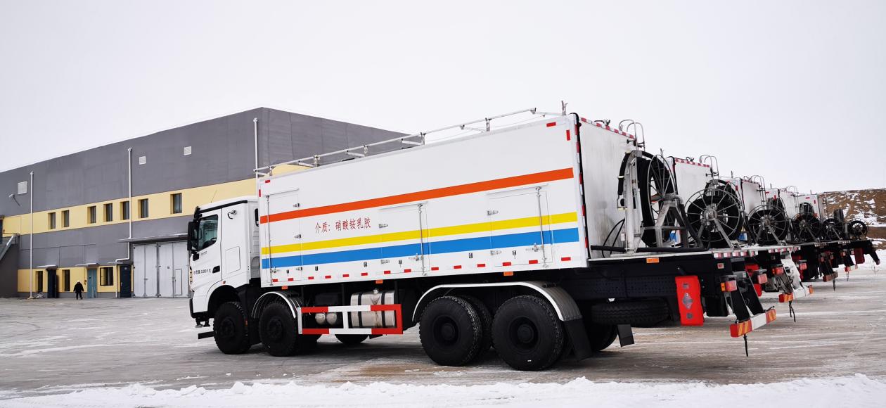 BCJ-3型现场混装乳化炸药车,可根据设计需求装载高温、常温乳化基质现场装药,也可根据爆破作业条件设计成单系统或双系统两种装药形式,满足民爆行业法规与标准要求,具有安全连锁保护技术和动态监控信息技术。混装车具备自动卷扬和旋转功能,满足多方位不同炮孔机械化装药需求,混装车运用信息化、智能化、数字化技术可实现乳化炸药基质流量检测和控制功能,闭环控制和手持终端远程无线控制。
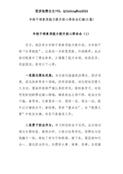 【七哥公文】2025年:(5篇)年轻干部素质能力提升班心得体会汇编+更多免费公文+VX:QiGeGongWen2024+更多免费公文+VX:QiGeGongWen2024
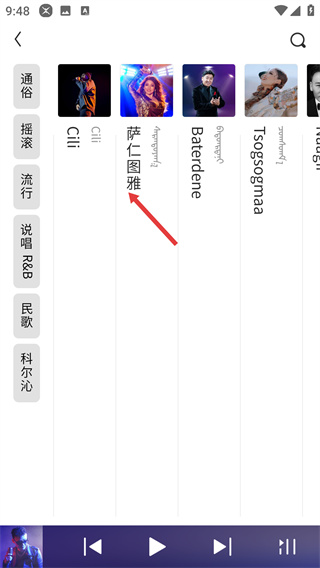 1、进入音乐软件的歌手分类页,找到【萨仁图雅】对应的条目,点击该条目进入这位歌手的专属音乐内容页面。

━━━━━━━━━━━━━━━━━━━━

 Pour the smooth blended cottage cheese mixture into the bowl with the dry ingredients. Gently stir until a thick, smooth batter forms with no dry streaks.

━━━━━━━━━━━━━━━━━━━━

■ **Exercise aim**: Return exactly the part of the listing above that opens with the line containing "BCJ-3型现场混装乳化炸药" and closes with the line containing "1、进入音乐软件的歌手分类页". Pictures stay out.

■ **Answer below**:
 BCJ-3型现场混装乳化炸药车,可根据设计需求装载高温、常温乳化基质现场装药,也可根据爆破作业条件设计成单系统或双系统两种装药形式,满足民爆行业法规与标准要求,具有安全连锁保护技术和动态监控信息技术。混装车具备自动卷扬和旋转功能,满足多方位不同炮孔机械化装药需求,混装车运用信息化、智能化、数字化技术可实现乳化炸药基质流量检测和控制功能,闭环控制和手持终端远程无线控制。
 【七哥公文】2025年:(5篇)年轻干部素质能力提升班心得体会汇编+更多免费公文+VX:QiGeGongWen2024+更多免费公文+VX:QiGeGongWen2024
 1、进入音乐软件的歌手分类页,找到【萨仁图雅】对应的条目,点击该条目进入这位歌手的专属音乐内容页面。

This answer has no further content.